Problem description
What lines of the data below hold the string "these"? Copy each one out.

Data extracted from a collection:
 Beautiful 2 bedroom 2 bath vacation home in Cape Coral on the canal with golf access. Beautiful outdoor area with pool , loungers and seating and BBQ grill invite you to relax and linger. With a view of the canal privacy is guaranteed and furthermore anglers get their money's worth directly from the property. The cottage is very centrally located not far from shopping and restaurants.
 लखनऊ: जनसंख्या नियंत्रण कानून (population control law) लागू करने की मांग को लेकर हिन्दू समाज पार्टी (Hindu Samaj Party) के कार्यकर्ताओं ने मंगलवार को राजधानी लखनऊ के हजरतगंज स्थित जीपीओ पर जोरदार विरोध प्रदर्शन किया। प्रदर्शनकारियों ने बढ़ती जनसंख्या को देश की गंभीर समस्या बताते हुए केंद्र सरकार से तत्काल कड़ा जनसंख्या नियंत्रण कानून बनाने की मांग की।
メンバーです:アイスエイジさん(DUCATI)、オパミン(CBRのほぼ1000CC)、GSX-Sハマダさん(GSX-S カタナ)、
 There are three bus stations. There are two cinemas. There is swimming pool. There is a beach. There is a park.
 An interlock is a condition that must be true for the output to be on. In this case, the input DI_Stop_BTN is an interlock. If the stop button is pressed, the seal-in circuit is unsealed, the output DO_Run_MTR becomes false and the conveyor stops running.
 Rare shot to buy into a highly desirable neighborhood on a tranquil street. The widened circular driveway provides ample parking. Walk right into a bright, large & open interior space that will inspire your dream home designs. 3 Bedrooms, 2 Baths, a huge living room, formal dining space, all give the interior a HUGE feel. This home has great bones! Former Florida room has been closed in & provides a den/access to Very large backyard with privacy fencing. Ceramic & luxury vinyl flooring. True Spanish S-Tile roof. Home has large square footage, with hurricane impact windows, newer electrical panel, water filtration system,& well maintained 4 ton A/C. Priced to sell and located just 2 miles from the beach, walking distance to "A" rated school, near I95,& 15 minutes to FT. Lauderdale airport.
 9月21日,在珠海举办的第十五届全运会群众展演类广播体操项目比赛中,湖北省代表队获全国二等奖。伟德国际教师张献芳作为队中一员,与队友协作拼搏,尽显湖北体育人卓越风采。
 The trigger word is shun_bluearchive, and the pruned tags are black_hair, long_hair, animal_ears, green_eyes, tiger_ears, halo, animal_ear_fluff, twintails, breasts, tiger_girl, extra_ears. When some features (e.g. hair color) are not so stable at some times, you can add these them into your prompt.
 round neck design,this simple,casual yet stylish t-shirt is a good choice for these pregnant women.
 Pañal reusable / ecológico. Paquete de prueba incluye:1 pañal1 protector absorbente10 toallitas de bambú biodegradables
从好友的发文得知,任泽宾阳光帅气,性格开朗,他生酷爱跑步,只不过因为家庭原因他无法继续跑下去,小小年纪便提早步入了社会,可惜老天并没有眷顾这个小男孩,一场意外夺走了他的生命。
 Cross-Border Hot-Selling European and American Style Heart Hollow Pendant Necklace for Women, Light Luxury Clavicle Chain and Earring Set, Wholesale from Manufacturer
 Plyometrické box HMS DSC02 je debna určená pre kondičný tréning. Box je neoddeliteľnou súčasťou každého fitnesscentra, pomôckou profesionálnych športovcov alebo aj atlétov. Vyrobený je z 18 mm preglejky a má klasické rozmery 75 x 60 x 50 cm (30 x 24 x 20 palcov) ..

Reply
 The trigger word is shun_bluearchive, and the pruned tags are black_hair, long_hair, animal_ears, green_eyes, tiger_ears, halo, animal_ear_fluff, twintails, breasts, tiger_girl, extra_ears. When some features (e.g. hair color) are not so stable at some times, you can add these them into your prompt.
 round neck design,this simple,casual yet stylish t-shirt is a good choice for these pregnant women.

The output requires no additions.